David Campbell (campbell@gear.torque.net)
Mon, 9 Feb 1998 09:15:09 +0000


> To: Trond Eivind Glomsrod <teg@pvv.ntnu.no>
> Subject: Re: [PARPORT] Re: lpr problems in 2.0->2.1?
> Cc: linux-kernel@vger.rutgers.edu, linux-parport@torque.net
> Date: Mon, 9 Feb 1998 06:45:43

> > >For me, that has made the printer _really_ slow - the data is
> > >transferred in chunks, so the printer pauses for quite some time a
> > >few times for every page, while the same setup prints continually (and
> >
> > If you're getting worse performance under 2.1 then you should report it as a
> > bug. It's not supposed to be like that. If you are actually using a Zip
> > driver at the same time then printing speed will go down, but otherwise it
> > should be just as good.
>
> The problem is most likely that the current lp driver is evaluating the
> parallel port base address every IO access. A similar problem reduced the
> speed of the ZIP drive by approx 50% until a port caching scheme was
> implemented.

I was wrong, the problem is a little more complicated than first thought.
Due to the parport design (to allow for devices such as the ZIP drive to
operate on different types of hardware) there exists functions for writing
to "virtual" PC hardware.

For PC style hardware this is simply port accesses, for other hardware the
bits are remapped before being sent to the device.

[At this point I start looking for HARD cover]

This is a question for the kernel hackers:
a) Is there any way to reduce the overhead of a function call?

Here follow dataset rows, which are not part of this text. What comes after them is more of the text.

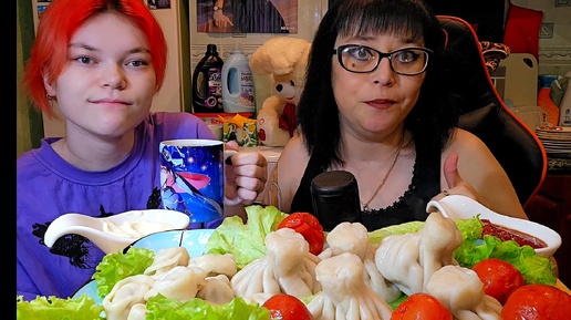 Мукбанг | Хинкали и пельмени домашней лепки. Настя в наличии 😁 Обжорчик 😋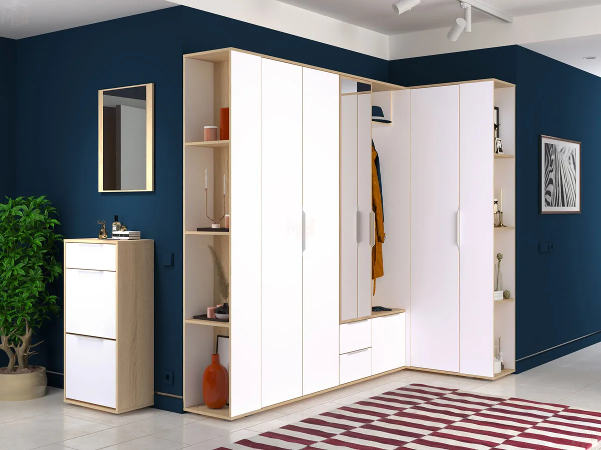 В линейке присутствуют модули с нестандартной конструкцией, повышающие вместимость.Лаконичная дизайнерская фурнитура идеально дополняет внешний вид прихожей Куба.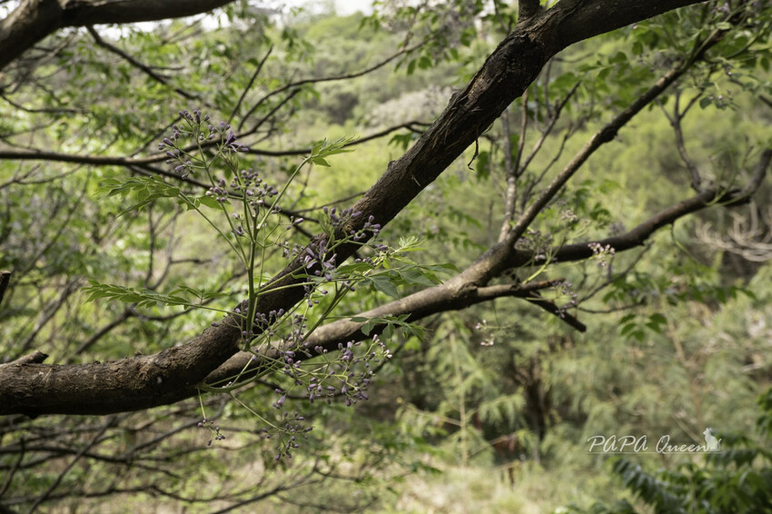 艷紅與粉紫色的在眼前交錯著!來這裡千萬別只顧著拍九重葛,苦楝花也很美的!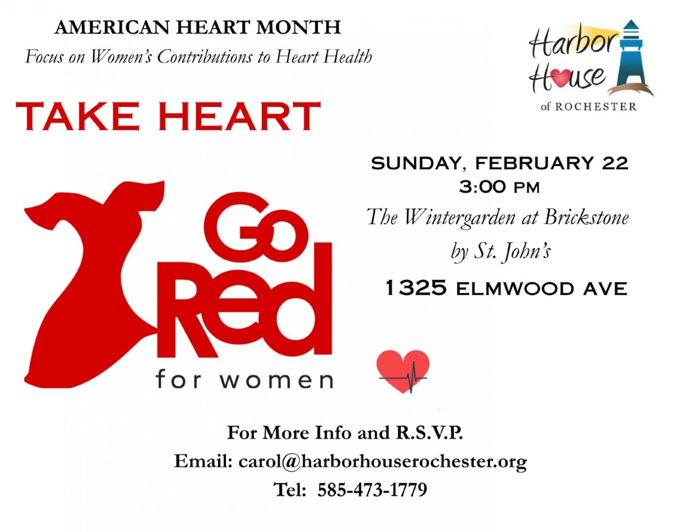 Please help to build awareness, make an impact, and save more lives by joining us for this eventful meeting of the minds! Take Heart and Go Red on Sunday February 22, 3-5 pm at the Wintergarden at Brickstone by John's, 1325 Elmwood Avenue in Rochester!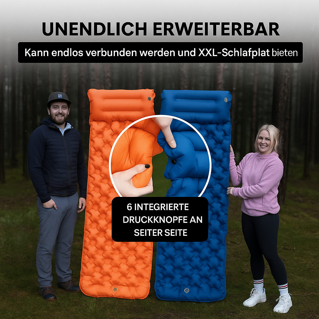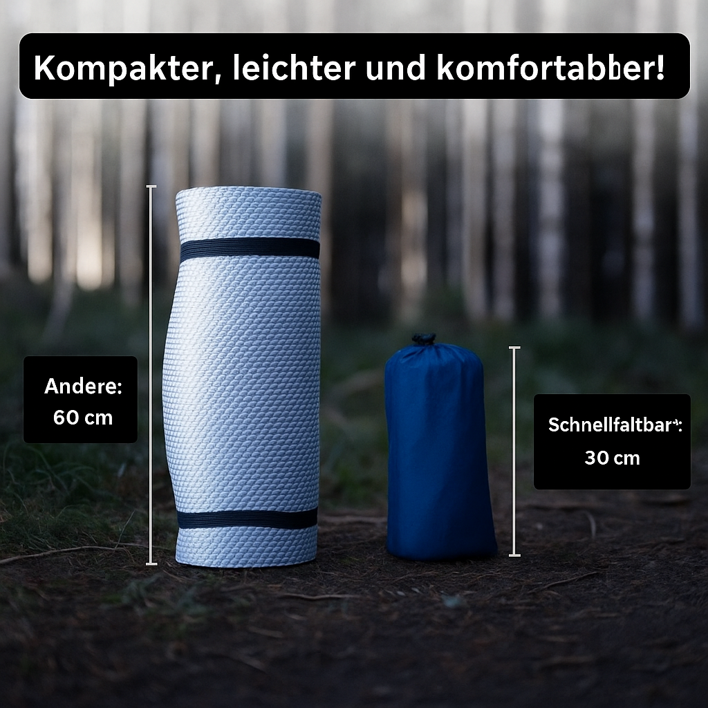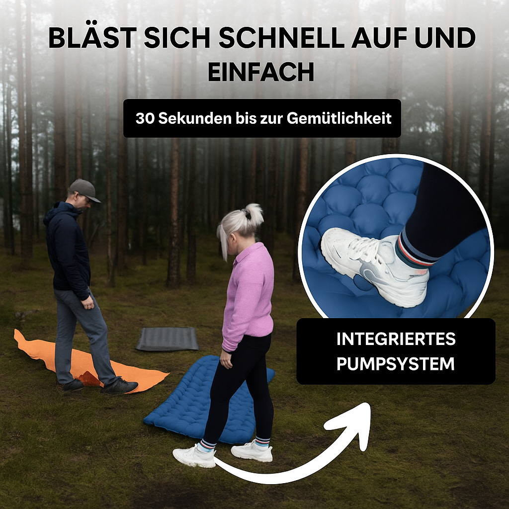 Keine langweilige Aufblaste mehr - trete einfach 30 Sekunden darauf, und die Schlafmatte bläst sich selbst auf. Maximale Komfort, kein Aufwand!

b) Is it possible to construct functions on the fly?
That is copy a compiled fuction to some scratch space, change the constant
(port address) and then hook the fuction onto the supporting structure.
This way it would save looking for the port address for every IO access.
This would save about 3 CPU instructions per port access, this may not
look much but it adds up when you are performing approx 300,000 per
second. (this rate would be reached when sending 100kB/sec to the printer
port, the ZIP drive can reach approx 500,000 port accesses/sec).

Admittedly it would require a scratch space area in the CODE segment which
could be written too (EXTREMELY dangerous).

The result would then be:
==========================================
 x = parport->read_control();
 parport->write_control(x & 0x20);
==========================================
Currently the function needs to be passed the underlying structure to be
able to determine the base port address.

c) Create a virtual device which maps PC hardware requests for non-PC
systems (at some unused address). So when the kernel accesses the phantom
port an exception is generated and handled by the translation routines.

Nahh!!! To much like Win95.

- - - - - - - - - - - - - - - - - - - - - - - - - - - - - - - - - - - -
At this point I turn up my heat sheild to anti-nuclear levels...
If someone has a better suggestion I would like to hear it!!!

David Campbell

PS: I am not a member of the linux-kernel mailing list, so please email me
directly your response.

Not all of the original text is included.